Task: Copy, word for word, the opening line of the data and each line after it until the line that contains "पायनियर संवाददाता <", which is included. Leave the pictures out.

Dataset excerpts:
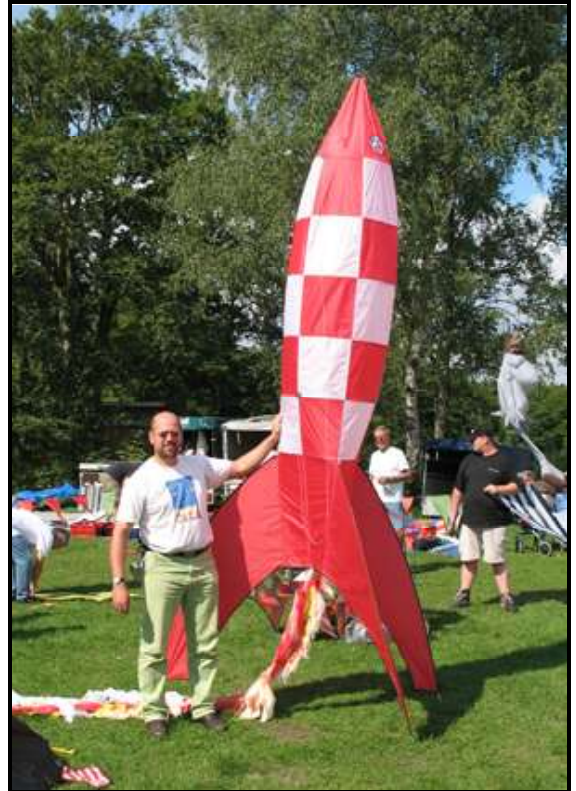
Pit mit seiner Rakete
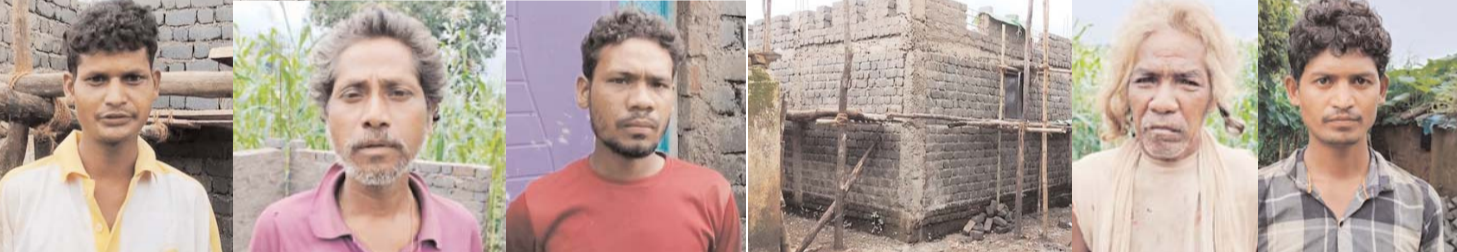
पायनियर संवाददाता < कवर्धा www.dailypioneer.com

पंडरिया विकासखंड के बीहड़ वनांचल ग्राम पंचायत कांदावानी में आवास निर्माण करना शासन प्रशासन के सामने बड़ी चुनौती था क्योंकि पूर्व में बहुत से लोगो ने आवास निर्माण करने के लिए हितग्राहियों को ठगा कर राशि लेकर गायब हो जाते थे लेकिन प्रधानमंत्री जनमन योजना के अंतर्गत स्वीकृत आवास को संपन्न सचिव और रोजगार सहायक ने व्यक्तिगत रुचि लेकर हितग्राहियों का सहयोग कर रहे हैं जिसके अंतर्गत जनजाति समुदाय के लोगो का पक्का बन रहा है। प्रधानमंत्री ने जनजाति समुदाय के लोगो को जनमन योजना के स्वीकृत किया जा चुका है। परिवारों के लिए को विभिन्न प्रकार की शासकीय योजनाओं से
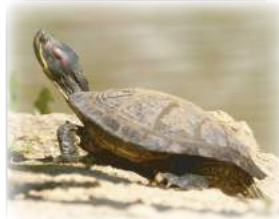
Tortue à tempes rouges dite "de Floride" (Trachemys scripta) Espèce exotique envahissante...

Carapace à l'aspect lisse Peau (tête, cou, pattes) ponctuée de jaune
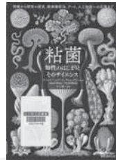
粘菌 ジャスパー・シャープ/著 誠文堂新光社
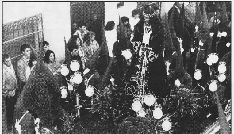
Jesús Rescatado tuvo, como siempre, innumerable acompañamiento de fieles.
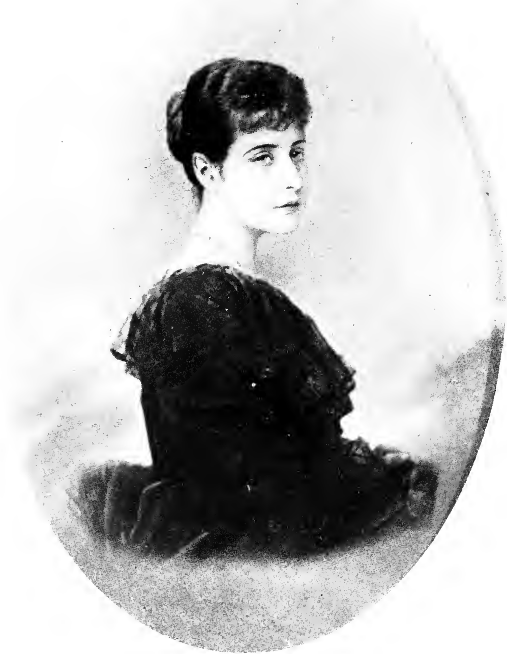
ИМПЕРАТРИЦА АЛЕКСАНДРА ФЕОДОРОВНА (въ первые годы царствованія)
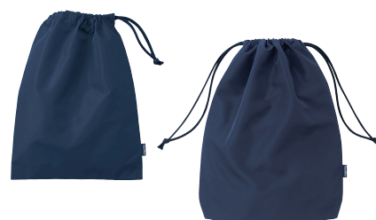
袋 (左) NB 200652
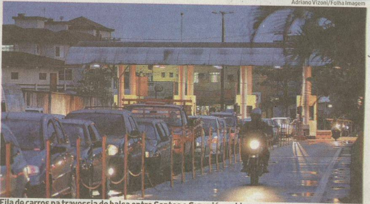
Fila de carros na travessia de balsa entre Santos e Guarujá; problemas começaram em julho
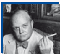
Truman Capote Deprese Spisovatel

Někteří ze známých (a úspěšných) lidí s duševní nemocí
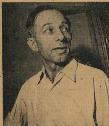
י.מהרר, מנהל המדור לטיפול בנוער

הצעירים בהם בכל דרכי הפשע. ביום שהם עוברים לשיפוט של בתי המשפט הרגילים, זוכים הם למסר ממושך.
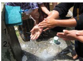
“Higiene en la preparación de los alimentos” Sololá, Nahualá, Aldea Xolcajá. Junio 09
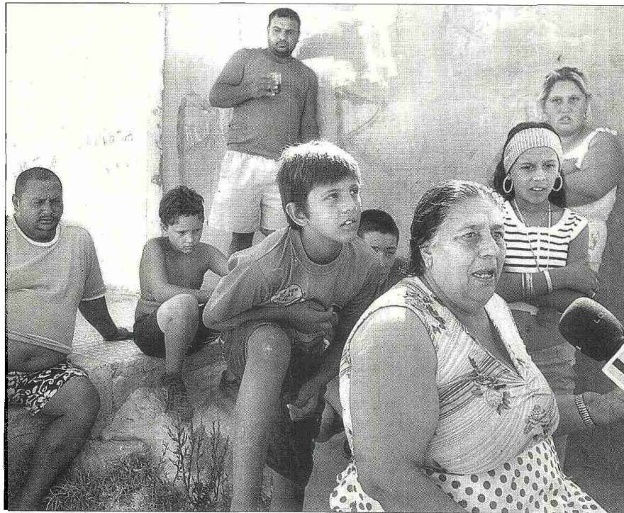
INTEGRACIÓN. Las Organizaciones Gitanas Andaluzas piden que se normalice su aparición en los medios.

EL PRIMER BALANCE: 65.000 NOTICIAS EXAMINADAS

Your solution:
Pit mit seiner Rakete
पायनियर संवाददाता < कवर्धा www.dailypioneer.com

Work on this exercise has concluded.